Страница 2 из 20
— И ты собираешься один, — усмехнулась Устя.
— Майора с собой возьму. Старый пес, но нюх не потерял.
— А ты в тайге-то хоть бывал? Знаешь, как деревья растут?
— Достаточно, — буркнул Валик. — Отец с собой брал на три полевых сезона, когда геологом работал.
— А приметы и всякое такое знаешь? — допытывалась Устя.
— Я по-геологически ориентируюсь, посещал зиму геофизический кружок. По карте хожу, по компасу.
— По карте? — Устя остановилась возле талового куста, склоненного над рекой, насмешливо оглядела Валика с мокрых ног до вихра на макушке, сказала с откровенной иронией: — Лучше взял бы с собой руководителя своего кружка.
— Это почему же? — хмыкнул Валик.
— Да так. В нашей тайге надо ходить по своим ориентирам. — Устя улыбнулась. — Ну да, береженого бог бережет, как говорит мой дедушка.
— Да хорошая карта лучше ваших ориентиров! — вскипятился Валик. — А я у отца в кабинете эти места как свои пять пальцев изучил по топооснове.
— Мой отец тоже верил в карты да компасы...
Валик знал про Устиного отца, учителя географии в местной школе.
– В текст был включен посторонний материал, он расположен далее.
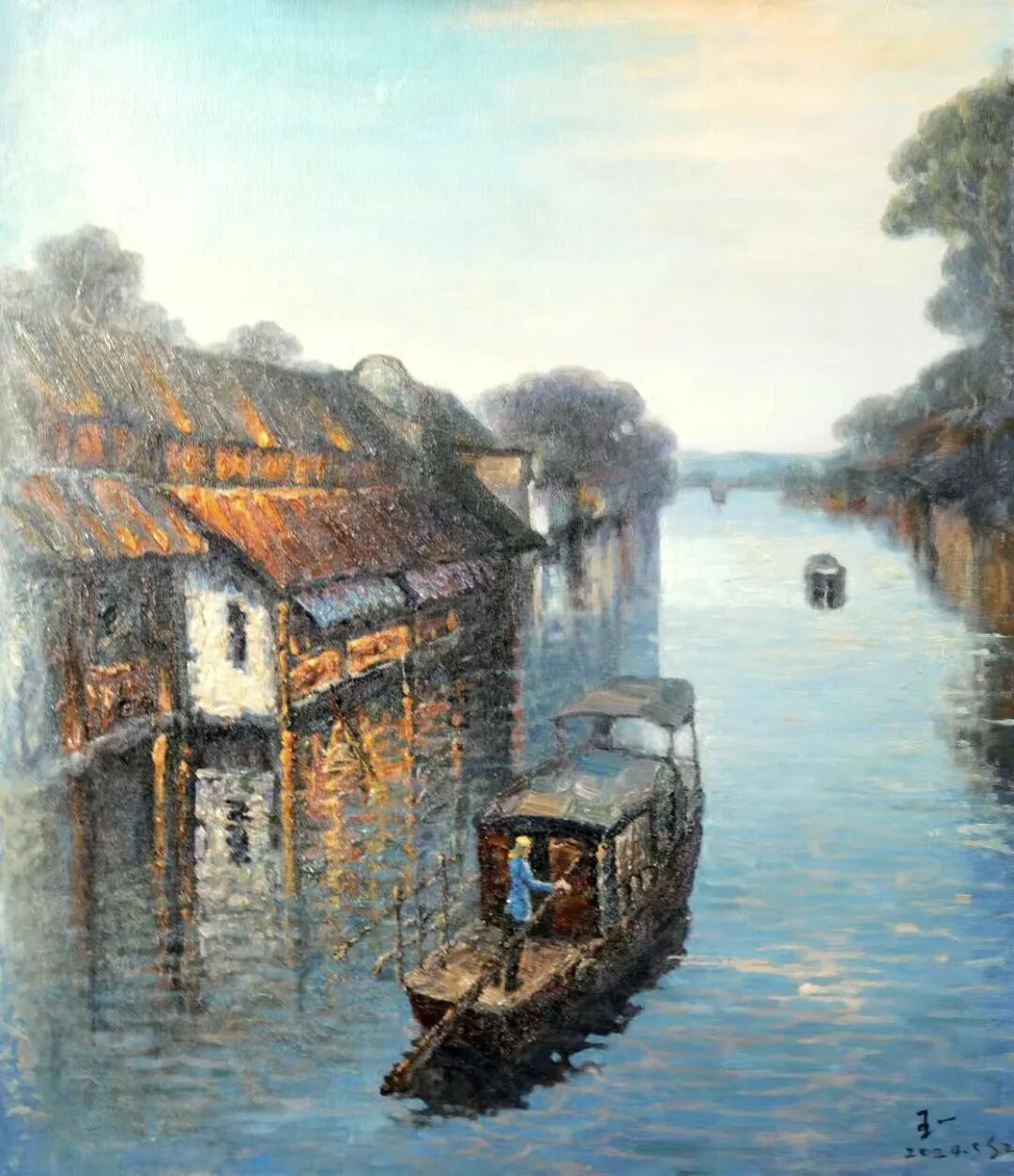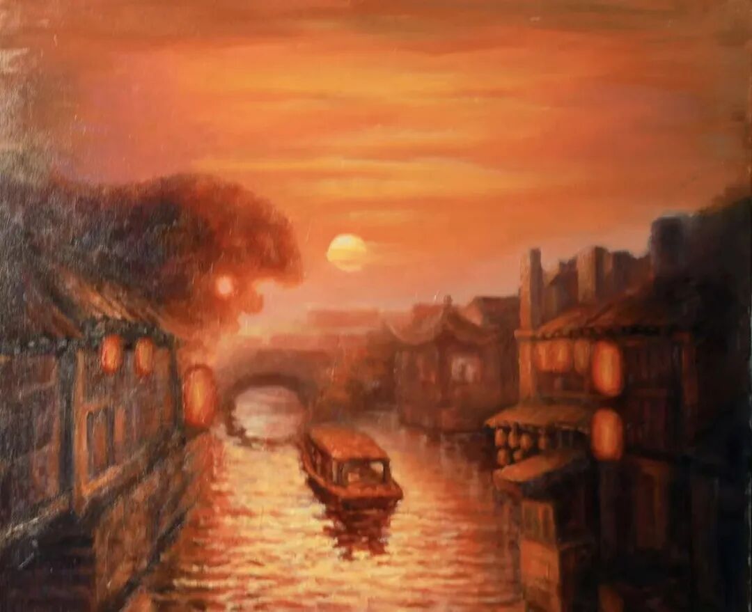 其画作被称作“新古典主义江南样本”,以西方写实框架承载东方美学内核。苏州画展中,《水乡之韵》系列引发关注——晨曦穿透薄雾洒向乌篷船,水面以短促油彩皴线模拟波光,观众惊叹“仿佛听见橹声搅碎晨霭”。

Не вернулся Сергей Игнатьевич Сизых год назад из здешней Заангарской тайги, заблудился, видно, несмотря на свои географические знания и приборы. Всей деревней искали его — не нашли.
— Да. И дед Авдей на карту поручика упирал, — проговорил Валик, — будто из-за нее заблудился отряд, прогневив мифического Хозяина. Ты веришь в эту чепуху.
— Тогда здесь совсем глухомань была, — отозвалась Устя, — по тогдашней карте, да еще зимой можно было, наверно, блукать до второго пришествия. Вот и появился Заколдованный Круг!
— Теперь не то, — баском заметил Валик. — А хорошая карта не подведет. Если умеешь ею пользоваться, конечно.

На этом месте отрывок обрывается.